Provider secrets are passed in RunnerConfig.secrets:

secrets: {
  openRouter: process.env.OPENROUTER_API_KEY,
  google: process.env.GOOGLE_API_KEY,
  openAi: process.env.OPENAI_API_KEY,
  anthropic: process.env.ANTHROPIC_API_KEY,
  deepSeek: process.env.DEEPSEEK_API_KEY,
  lmStudioBaseUrl: process.env.LM_STUDIO_BASE_URL, // optional; overrides the default base URL
}

helen-runner never reads process.env directly — how you populate secrets is entirely your concern.

Design notes

No streaming. Only generateText from the Vercel AI SDK. streamText is out of scope.

send() is pure. It takes messages in and returns { messages, usage } out. Nothing is stored between calls. The runner itself holds no conversation state. On timeout-triggered retries, send() rolls the message array back to the pre-call snapshot before re-trying, so the caller always receives a consistent view.

send() preserves the full tool interaction chain. result.messages contains every message generated during the call — assistant tool-call entries, tool result entries, and the final assistant reply — not just the final text. This means passing result.messages into the next send() call correctly includes all tool interactions the model performed, which is required for coherent multi-turn agentic sessions.
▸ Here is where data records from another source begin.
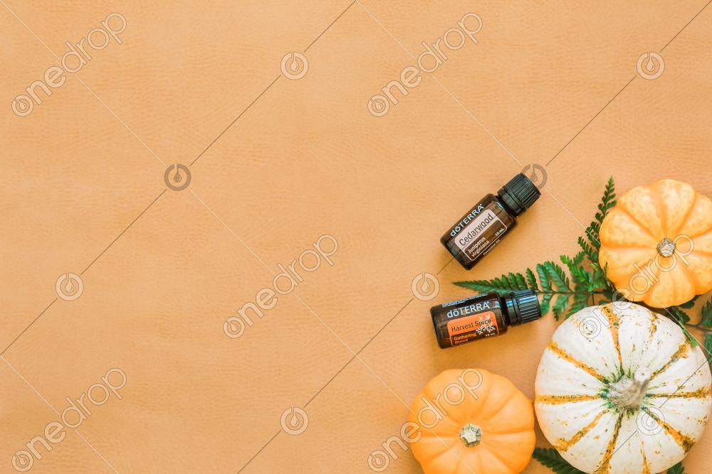 Harvest Spice® and Cedarwood essential oils on brown background with orange and white pumpkins and a green fern. Blank space can be used to add text or high resolution image can be cropped creatively for Instagram or social media.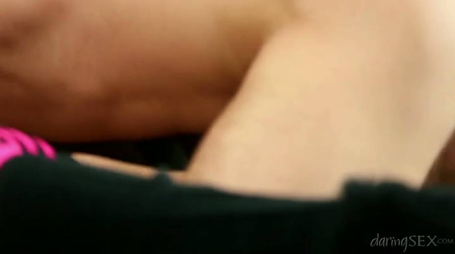 Frisky blonde in funny pink stockings gives her head and gets her pussy spooned from behind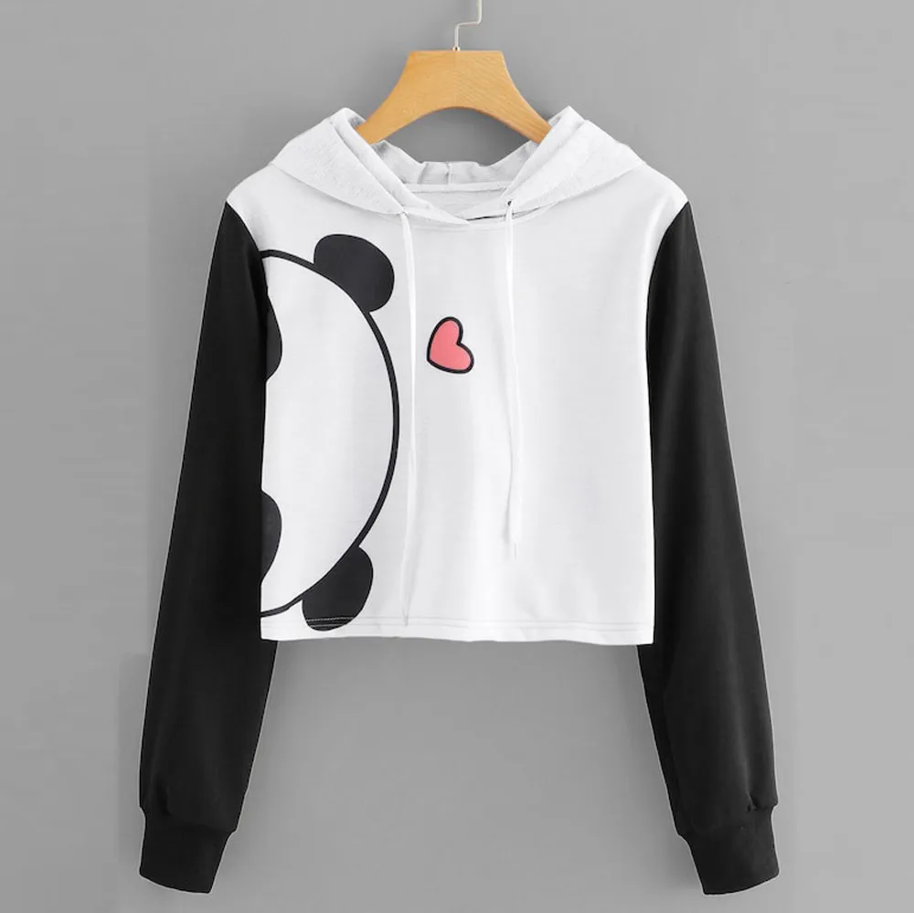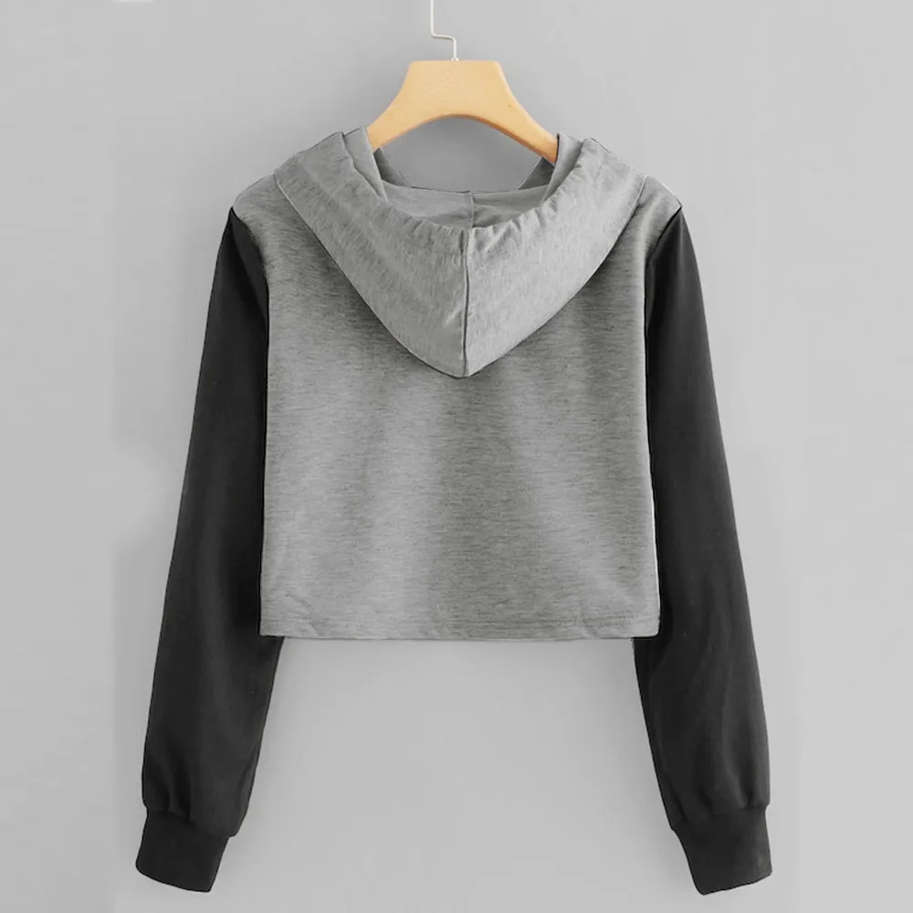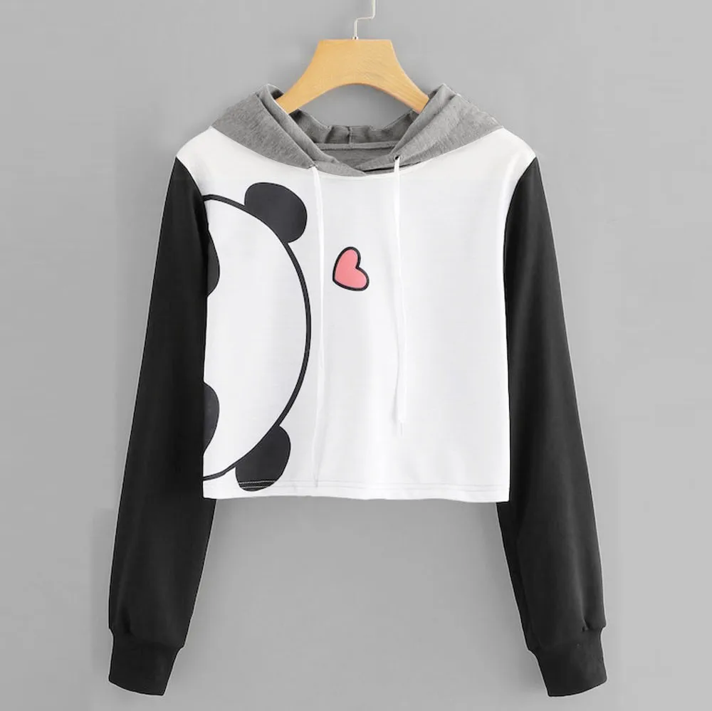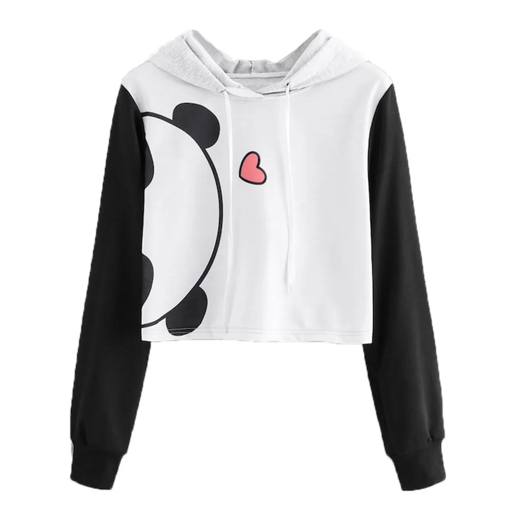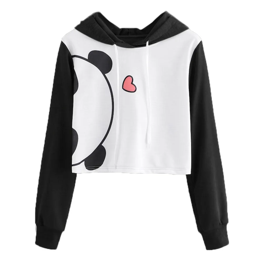 Для женщин и девочек с животным принтом, с длинным рукавом, с капюшоном, укороченная блузка, пуловер, толстовка, топы

Registry is scoped to the Runner instance. Providers and queues are not module-level singletons. Each new Runner(config) gets a clean registry, which avoids cross-test contamination and makes multiple runners with different configs straightforward.
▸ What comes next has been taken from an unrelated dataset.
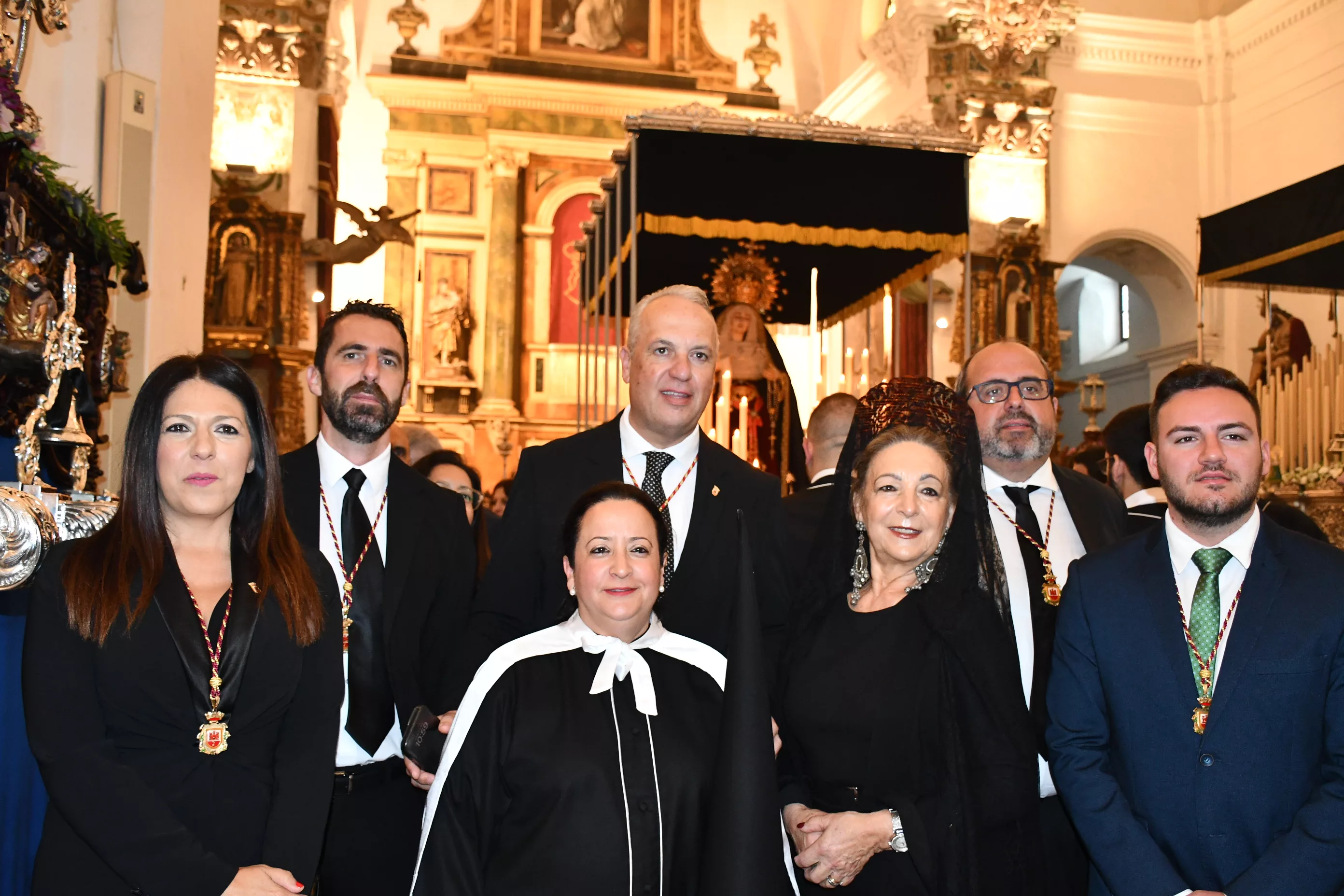 El alcalde de San Roque, Juan Carlos Ruiz Boix, junto a varios ediles de la Corporación Municipal, ha acompañado en la salida a las imágenes.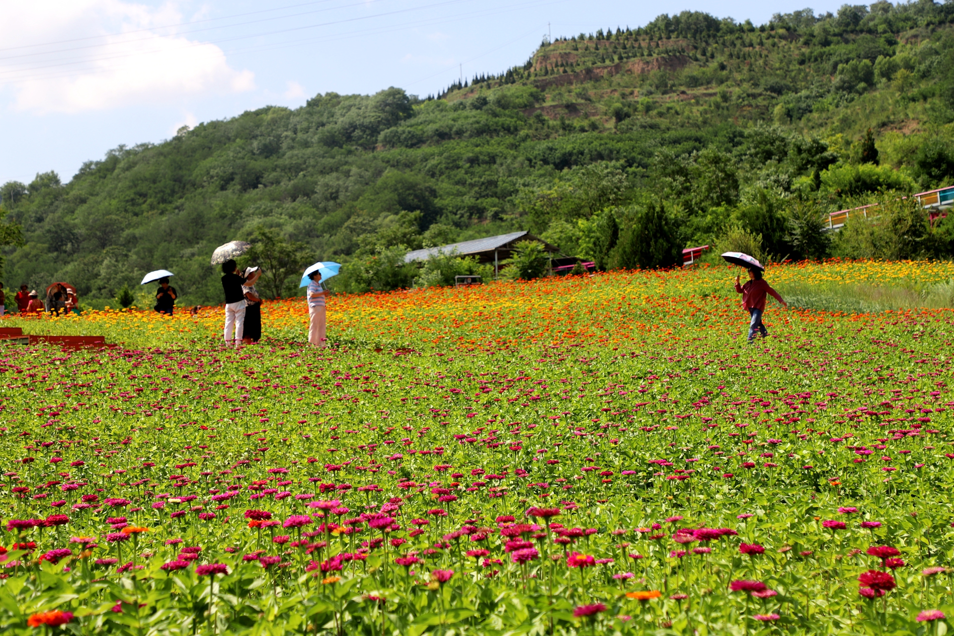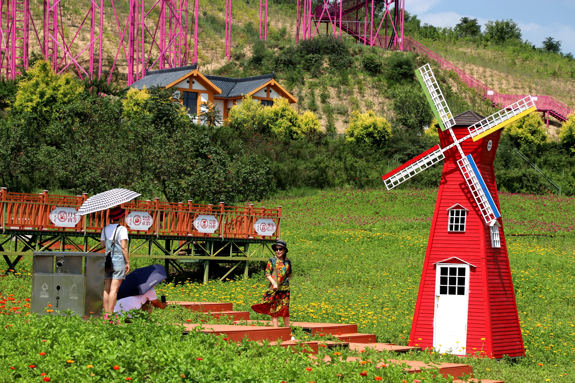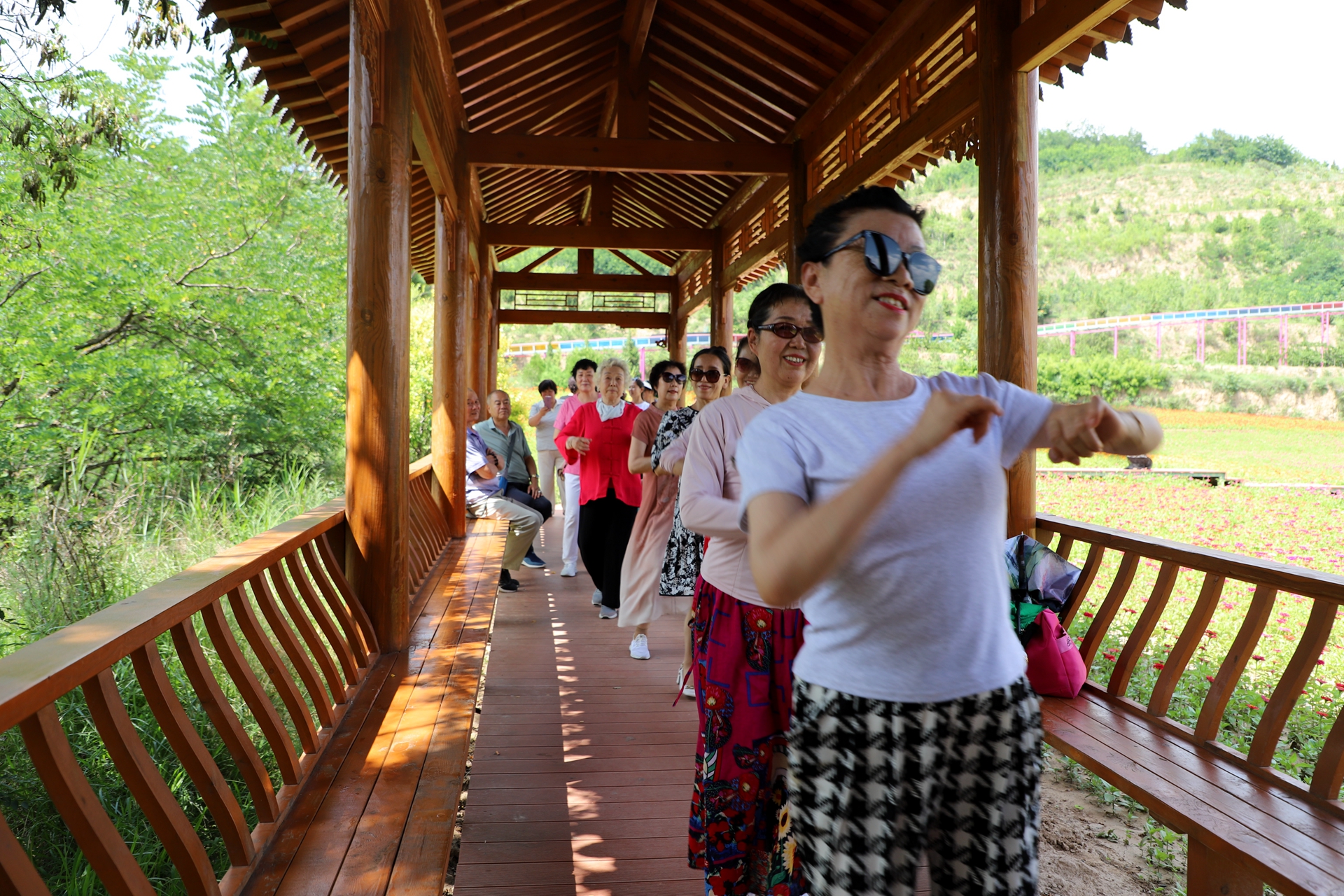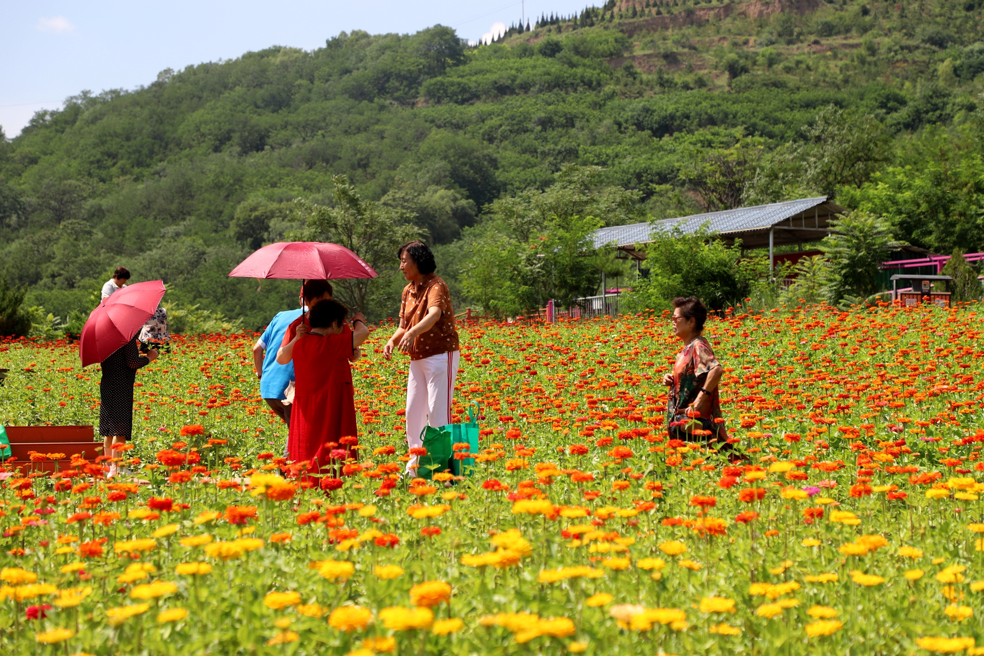 随后,游客们乘坐旅游大巴来到了北山生态景区,这里的夏花开得正盛,五颜六色、鲜艳夺目,仿佛一片花的海洋。红的、黄的、粉的,各种颜色的花朵竞相绽放,微风拂过,花海泛起层层波浪,还散发着阵阵清香,令人陶醉。游客们穿梭在花丛中,有的凑近花朵细细观赏,有的与鲜花合影留念,有的不禁跳起舞来,感受着大自然的美好与馈赠。

Secrets stay in config. RunnerConfig.secrets is where API keys live. helen-runner never reads process.env directly. How you populate the secrets object — env vars, a secrets manager, test fixtures — is entirely your concern.

Development

npm test            # run unit tests
npm run test:watch  # watch mode
npm run check       # typecheck + format check + tests in parallel
npm run format      # format all files with Prettier

Smoke tests require a local .env file with real API keys and are excluded from the main test run:

npm run test:smoke          # all smoke tests
npm run test:smoke -- send  # tool-calling smoke test only (requires GOOGLE_API_KEY)

The send smoke test makes real API calls to verify that multi-step tool-calling works end-to-end: the model calls a tool, the result is fed back, and the final reply references it. It also verifies that a second send() call receives the full tool interaction history from the first turn.